RECORDS TO PROCESS
Content starts

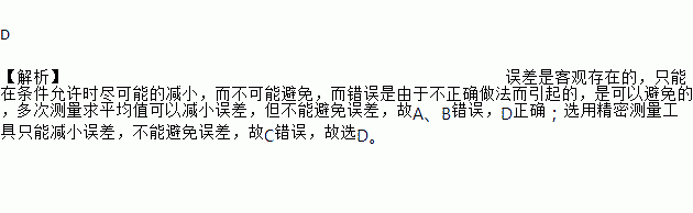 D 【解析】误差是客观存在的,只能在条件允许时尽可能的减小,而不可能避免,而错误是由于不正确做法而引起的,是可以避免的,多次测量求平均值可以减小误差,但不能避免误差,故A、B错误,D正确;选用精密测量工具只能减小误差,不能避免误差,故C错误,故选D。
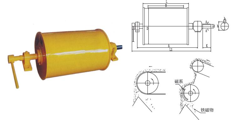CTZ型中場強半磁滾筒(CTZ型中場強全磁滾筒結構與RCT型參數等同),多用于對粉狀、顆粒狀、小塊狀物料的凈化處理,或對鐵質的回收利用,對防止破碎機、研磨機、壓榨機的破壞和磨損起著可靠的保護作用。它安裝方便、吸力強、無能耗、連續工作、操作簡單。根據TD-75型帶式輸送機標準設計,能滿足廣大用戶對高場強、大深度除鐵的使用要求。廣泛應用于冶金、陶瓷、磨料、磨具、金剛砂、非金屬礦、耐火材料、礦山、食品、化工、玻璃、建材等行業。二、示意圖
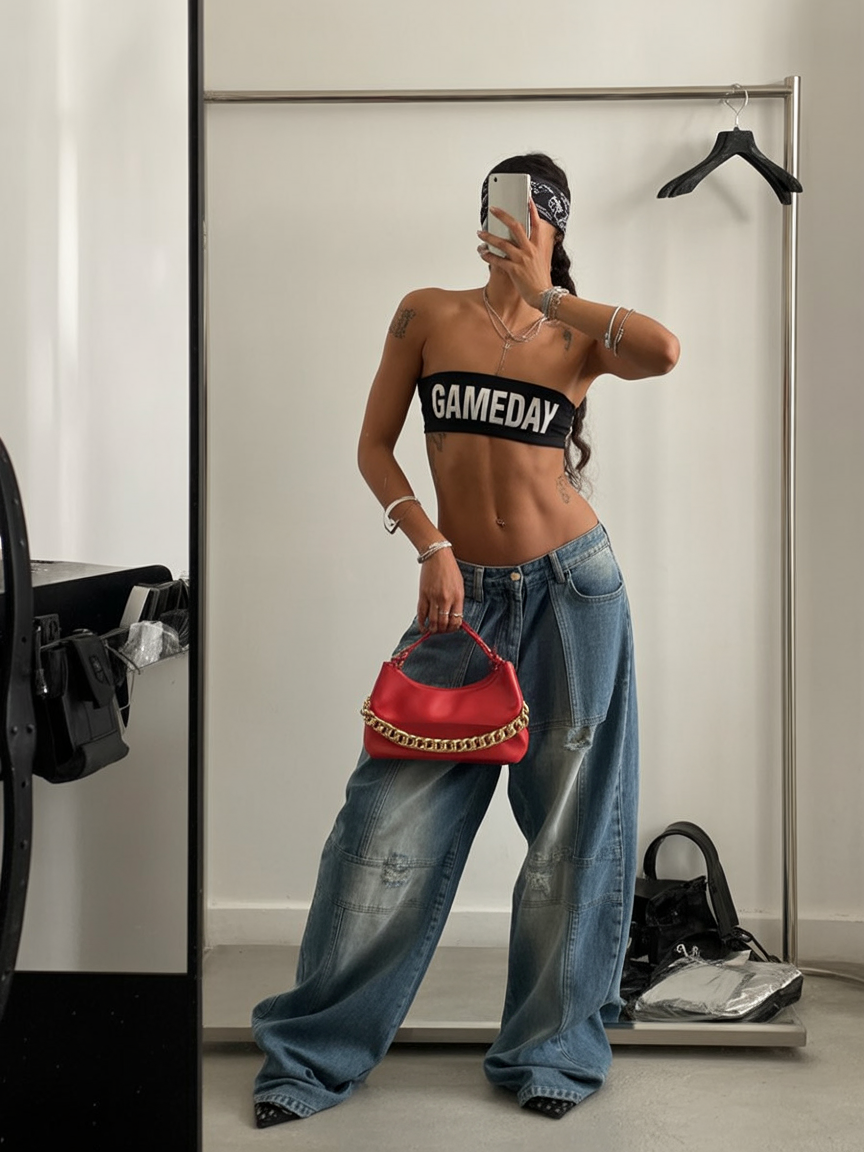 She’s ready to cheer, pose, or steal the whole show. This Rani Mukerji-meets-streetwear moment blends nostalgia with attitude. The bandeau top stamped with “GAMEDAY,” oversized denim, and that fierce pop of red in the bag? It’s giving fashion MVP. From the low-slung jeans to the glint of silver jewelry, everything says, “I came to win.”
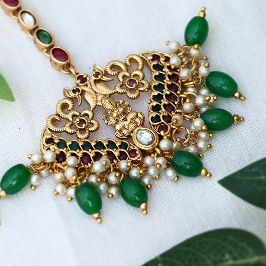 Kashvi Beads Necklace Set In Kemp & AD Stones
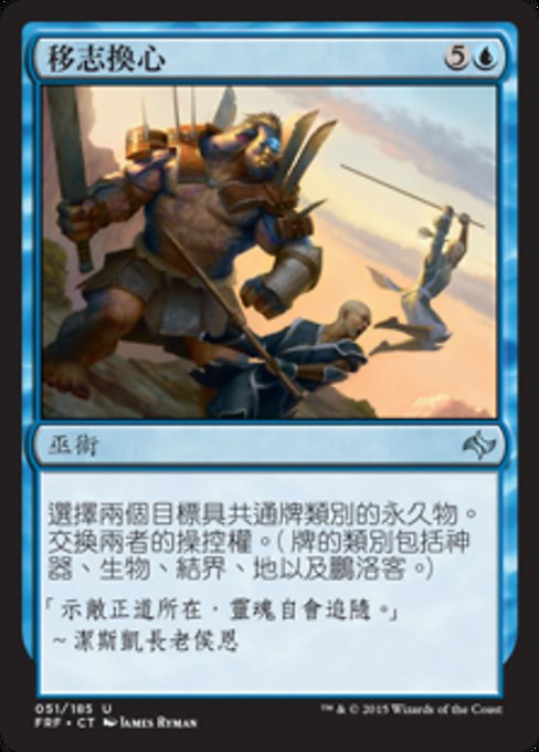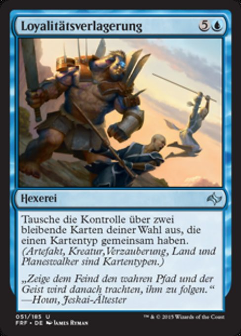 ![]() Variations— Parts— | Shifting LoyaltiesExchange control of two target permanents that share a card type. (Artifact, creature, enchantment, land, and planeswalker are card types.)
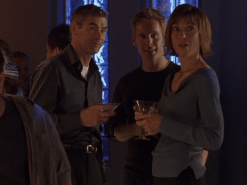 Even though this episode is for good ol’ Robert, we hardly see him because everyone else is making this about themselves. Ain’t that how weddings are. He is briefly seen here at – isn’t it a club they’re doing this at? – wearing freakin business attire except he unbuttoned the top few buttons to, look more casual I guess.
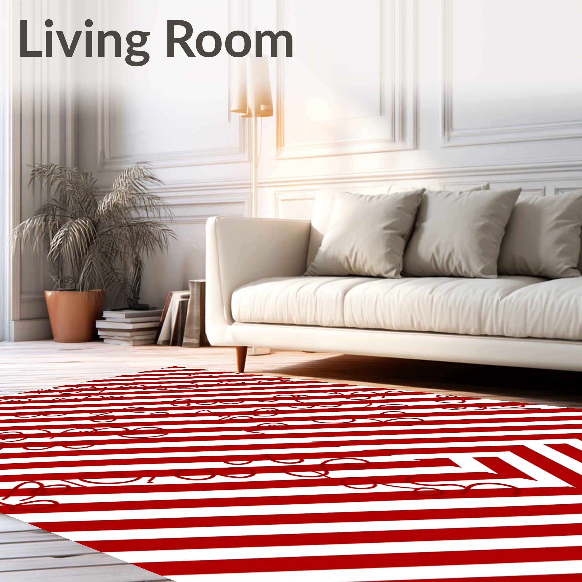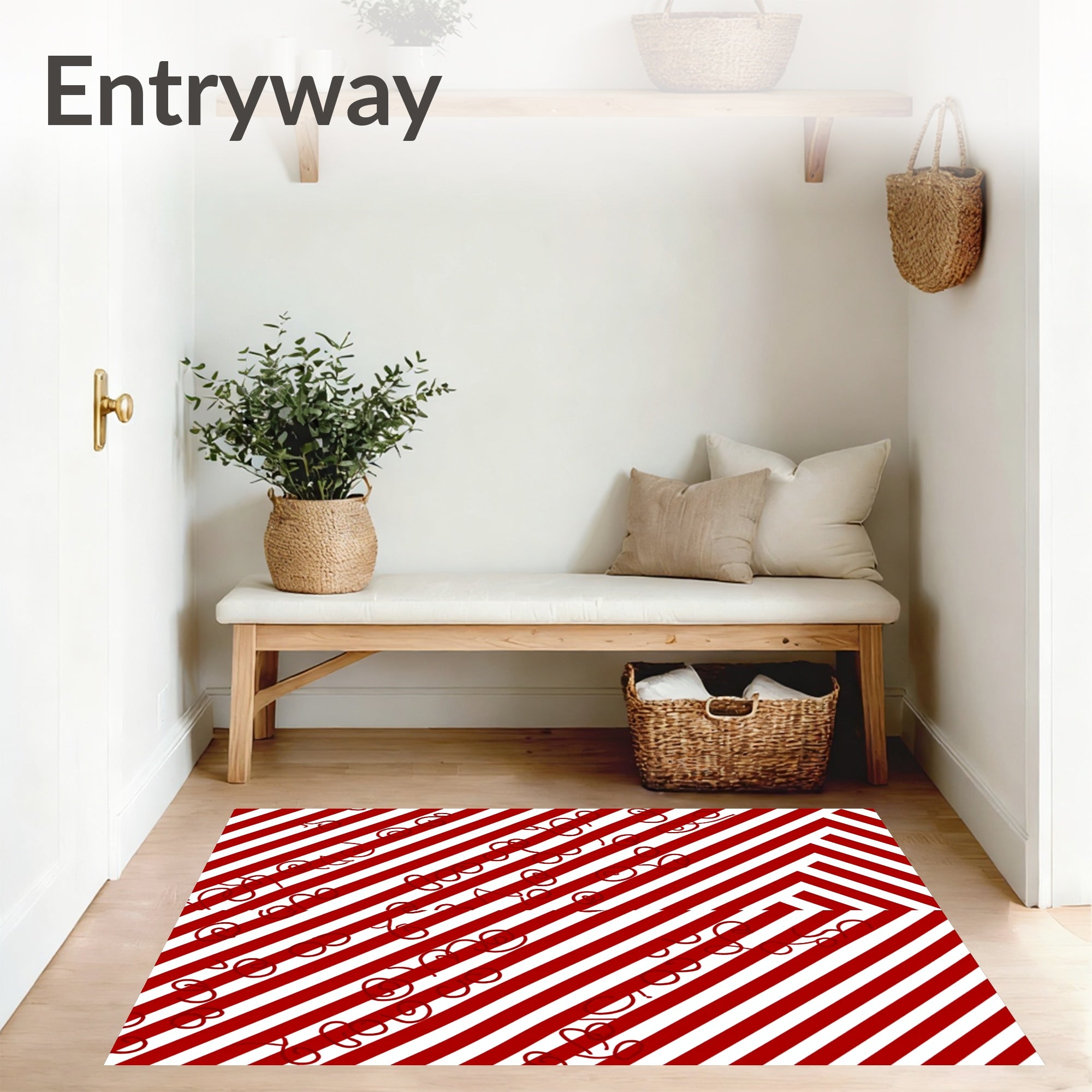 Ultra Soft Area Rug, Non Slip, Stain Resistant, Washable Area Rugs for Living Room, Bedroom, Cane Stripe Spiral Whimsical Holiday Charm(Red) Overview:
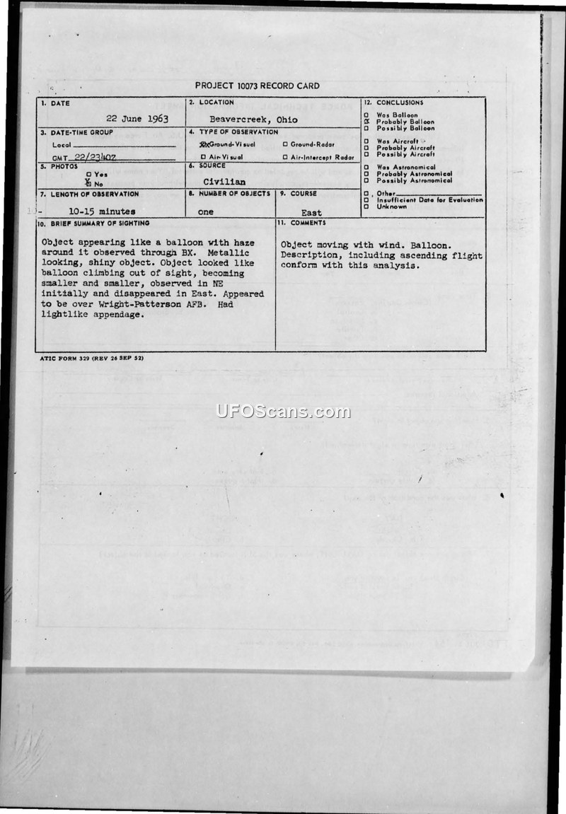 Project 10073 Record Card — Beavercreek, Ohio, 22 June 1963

Content ends

PROBLEM REQUIREMENTS
Drop the images; return the entries above exactly as they appear.

RESPONSE BOX
 D 【解析】误差是客观存在的,只能在条件允许时尽可能的减小,而不可能避免,而错误是由于不正确做法而引起的,是可以避免的,多次测量求平均值可以减小误差,但不能避免误差,故A、B错误,D正确;选用精密测量工具只能减小误差,不能避免误差,故C错误,故选D。
CTZ型中場強半磁滾筒(CTZ型中場強全磁滾筒結構與RCT型參數等同),多用于對粉狀、顆粒狀、小塊狀物料的凈化處理,或對鐵質的回收利用,對防止破碎機、研磨機、壓榨機的破壞和磨損起著可靠的保護作用。它安裝方便、吸力強、無能耗、連續工作、操作簡單。根據TD-75型帶式輸送機標準設計,能滿足廣大用戶對高場強、大深度除鐵的使用要求。廣泛應用于冶金、陶瓷、磨料、磨具、金剛砂、非金屬礦、耐火材料、礦山、食品、化工、玻璃、建材等行業。二、示意圖
 She’s ready to cheer, pose, or steal the whole show. This Rani Mukerji-meets-streetwear moment blends nostalgia with attitude. The bandeau top stamped with “GAMEDAY,” oversized denim, and that fierce pop of red in the bag? It’s giving fashion MVP. From the low-slung jeans to the glint of silver jewelry, everything says, “I came to win.”
 Kashvi Beads Necklace Set In Kemp & AD Stones
 ![]() Variations— Parts— | Shifting LoyaltiesExchange control of two target permanents that share a card type. (Artifact, creature, enchantment, land, and planeswalker are card types.)
 Even though this episode is for good ol’ Robert, we hardly see him because everyone else is making this about themselves. Ain’t that how weddings are. He is briefly seen here at – isn’t it a club they’re doing this at? – wearing freakin business attire except he unbuttoned the top few buttons to, look more casual I guess.
 Ultra Soft Area Rug, Non Slip, Stain Resistant, Washable Area Rugs for Living Room, Bedroom, Cane Stripe Spiral Whimsical Holiday Charm(Red) Overview:
 Project 10073 Record Card — Beavercreek, Ohio, 22 June 1963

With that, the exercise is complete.